Practical Production Pattern
Most systems should layer methods in this order:
- Hot path exact: URL/content hash, Bloom filter.
- Near-dup pass: SimHash or MinHash+LSH.
- Semantic pass (optional): embeddings + ANN.
This keeps p95 low while preserving quality where it matters.
Use-Case Mapping
- Autocorrect: edit-distance metric + BK-tree/SymSpell index.
- Typeahead: prefix structures (trie/FST); add fuzzy layer only if needed.
- Web crawl dedup: exact hash at frontier, SimHash/MinHash at indexing, embeddings only for high-value semantic collapse.
The core engineering move is to choose the cheapest layer that solves the problem, then add depth only where misses are costly.

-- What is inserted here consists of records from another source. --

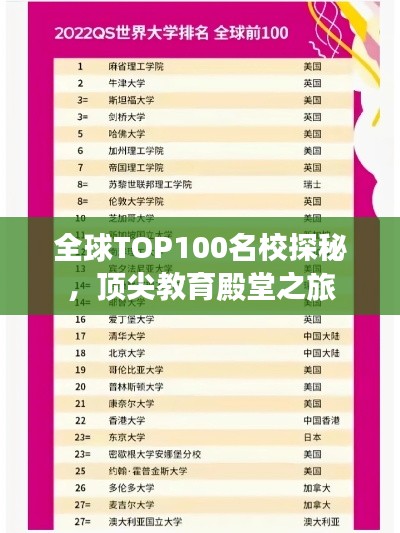 在全球化的時代背景下,教育資源的交流與競爭愈發激烈,世界名校作為培養杰出人才的搖籃,其排名情況一直備受關注,本文將從多個角度剖析世界名校排名TOP100,帶您領略全球頂尖教育殿堂的魅力。
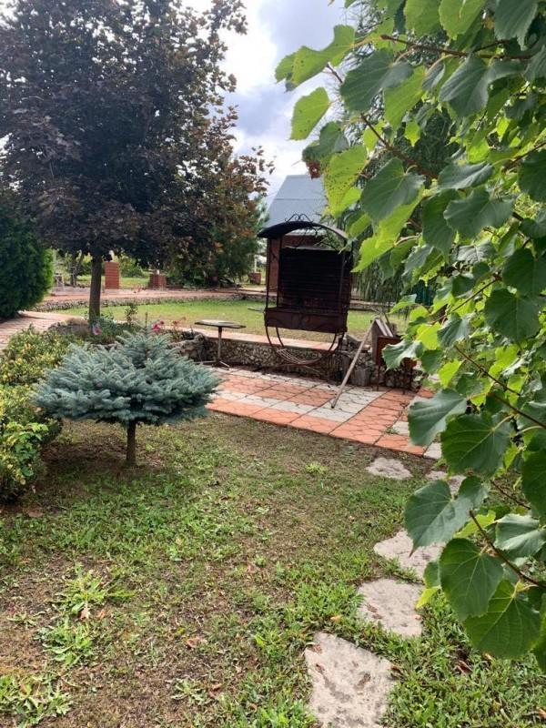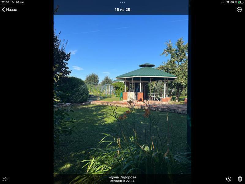 Участок 10 соток расположен в самом живописном месте массива - на берегу озера. На участке: 2 беседки, одна из которых кирпичная, шестигранной формы, застекленная, с зоной барбекю, подведена вода, раковина. Также имеется вместительный хозблок, 2 теплицы по 18 метров, детская площадка, парковка на 3 машиноместа. Плодоносящие деревья: яблони, груша, вишня, лимонник. На газонной территории также растут грецкий орех, каштан, туи, липа, хвойники. Дорожки выложены брусчаткой. Все ухожено.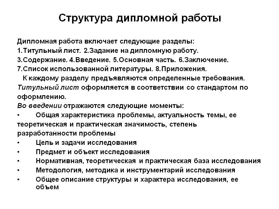 Выводы. В них приводится обобщенный итог каждого из предшествующих разделов дипломной работы.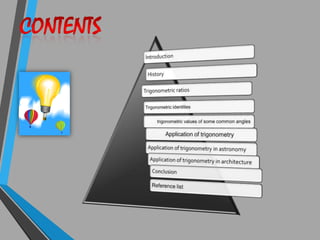 Trigonometry is a branch of mathematics that deals with relationships between the sides and angles of triangles, especially right triangles. It has many applications in fields like astronomy, navigation, engineering, and more. Some key uses of trigonometry include measuring inaccessible heights and distances by using trigonometric functions and properties of triangles formed by angles of elevation or depression. For example, trigonometry can be used to calculate the height of a building or tree by measuring the angle of elevation from a known distance away. It also has applications in measuring distances in astronomy, designing curved architectural structures, and calculating road grades. The document provides examples of various real-world applications of trigonometric concepts.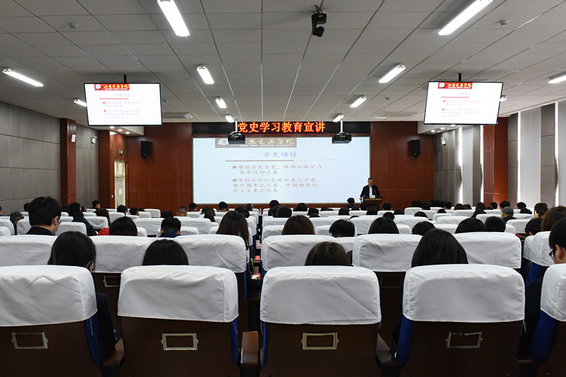 在第二报告厅,陈松岩以《重温百年党史,感悟辉煌逻辑》为题,为威海校区师生党员作党史学习教育专题宣讲报告。他深刻阐明了开展党史学习教育的目的要求、重大意义和重点内容,系统梳理了党在不同历史时期成功应对风险挑战的宝贵经验和系列启示,总结分享了自己在党史学习教育中的心得体会。他指出,党史百年的苦难辉煌证明中国共产党领导全国人民取得新民主主义革命的胜利建立新中国,进行社会主义革命和建设,开辟中国特色社会主义道路是历史发展的必然趋势,是马克思主义基本原理不断同中国具体实际相结合的历史进程,是科学社会主义理论逻辑和中国社会发展历史逻辑的辩证统一。

Similarity Learnings Recap
- Hamming distance is bit-difference count, not cosine itself.
- SimHash uses Hamming distance as a fast proxy because it preserves cosine locality.
- MinHash approximates Jaccard overlap on feature sets.
- For crawl dedup, full-scan distance checks are correct but slow; index first, then verify.
- In Python
simhash,get_near_dupsis the index query API; indatasketchMinHash LSH, it is.query(). - Shingling is n-grams; choose explicit features when you need tighter control over quality.